Genève, canton pourtant parmi les plus touchés par le tourisme d’achat, connaît même des horaires parmi les plus restrictifs de Suisse. Et la représentation genevoise au Conseil des Etats, par son vote hier, a contribué à la persistance du problème. Les magasins français peuvent donc continuer à se frotter les mains : les bonnes affaires vont continuer.

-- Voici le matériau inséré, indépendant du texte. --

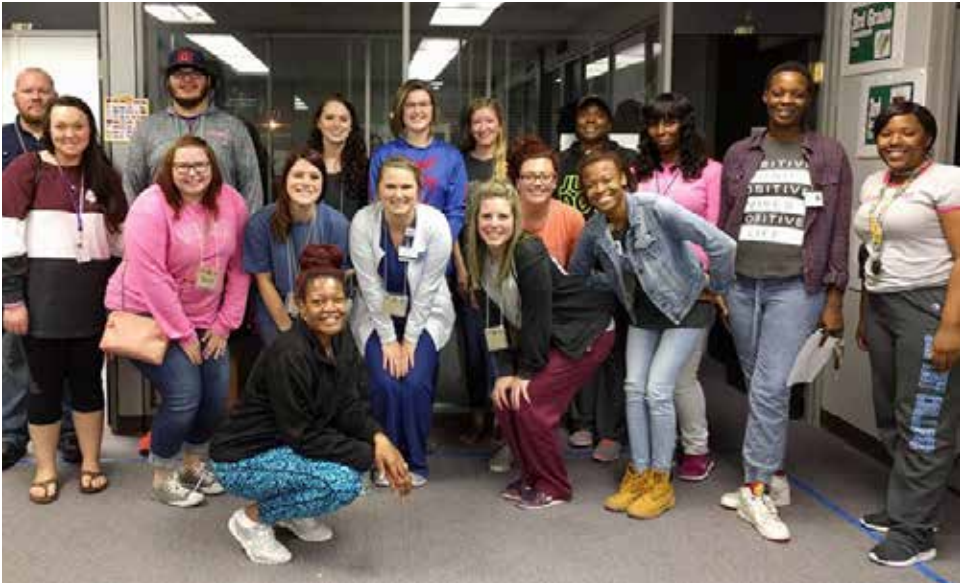
Day of Service - Multinational Ministries

La CCIG demande instamment que les autorités et les syndicats genevois prennent enfin pleinement la mesure du problème et dotent Genève d’une législation en matière d’heures d’ouverture des commerces en phase avec les nouvelles habitudes de consommation. Rappelons que Zurich, autre grand pôle économique suisse, permet à ses commerces d’ouvrir quand bon leur semble. L’hémorragie due au tourisme d’achat et la chute continue des chiffres d’affaires doit cesser. Il en va de milliers d’emplois et de l’avenir d’un pan entier de notre tissu économique. 

18/09/2015

Transition énergétique : un dossier à haute tension

La polémique sur la nécessité ou pas de fermer immédiatement la centrale nucléaire de Beznau survient comme par hasard quelques semaines avant la reprise du débat parlementaire sur la future politique énergétique de la Suisse. Faut-il y voir un lien ? La Suisse a décidé de toute manière de mettre un terme à sa production de courant nucléaire. Si la décision politique a été prise en un clin d’œil en 2011, la transition énergétique se révèle très complexe à mettre sur pied et le projet, en l’état, ne convainc pas. Pourquoi ?

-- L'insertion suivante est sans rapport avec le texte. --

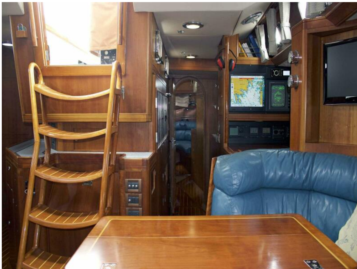
Port Passageway Aft

Tout d’abord, la sécurité d’approvisionnement diminuera, du fait de la mise en place quasi-exclusive d’une production d’électricité irrégulière et saisonnière (vent et soleil). Il faudra importer massivement de l’électricité fossile et nucléaire. Déjà dépendante des pays pétroliers, la Suisse deviendra aussi plus dépendante des pays voisins producteurs de courant.

Le prix de l’énergie – quant à lui - augmentera. Problème, les experts s’affrontent à coups de projections, et bien malin qui peut dire combien coûtera au final la transition énergétique. Une chose est certaine : personne ne sera épargné par les hausses de taxes qui frapperont l’essence, le fuel et l’électricité. La Suisse pourra-t-elle mettre en œuvre un programme aussi ambitieux sans mettre en danger une partie de l’industrie et des emplois ?

Enfin, la première étape (dont débat actuellement le Parlement fédéral) ne permettra d’atteindre que la moitié des objectifs. La seconde, une réforme fiscale écologique, a déjà fait l’objet d’une forte contestation au stade de la consultation. À ce jour, le scénario qui verrait la mise en place d’une politique énergétique qu’on ne pourrait pas financer faute d’accord politique ne semble donc pas totalement exclu.

Il n’est pas question de revenir sur la décision de fermer les centrales nucléaires suisses, mais le projet doit encore être sérieusement amélioré. Pour le moment, les voix critiques sont très nombreuses. Le peuple aura donc sans doute le dernier mot. S’il a l’impression qu’on lui cache une partie de la vérité, le savant projet de transition énergétique sur lequel le gouvernement planche depuis quatre ans passera sans nul doute à la trappe.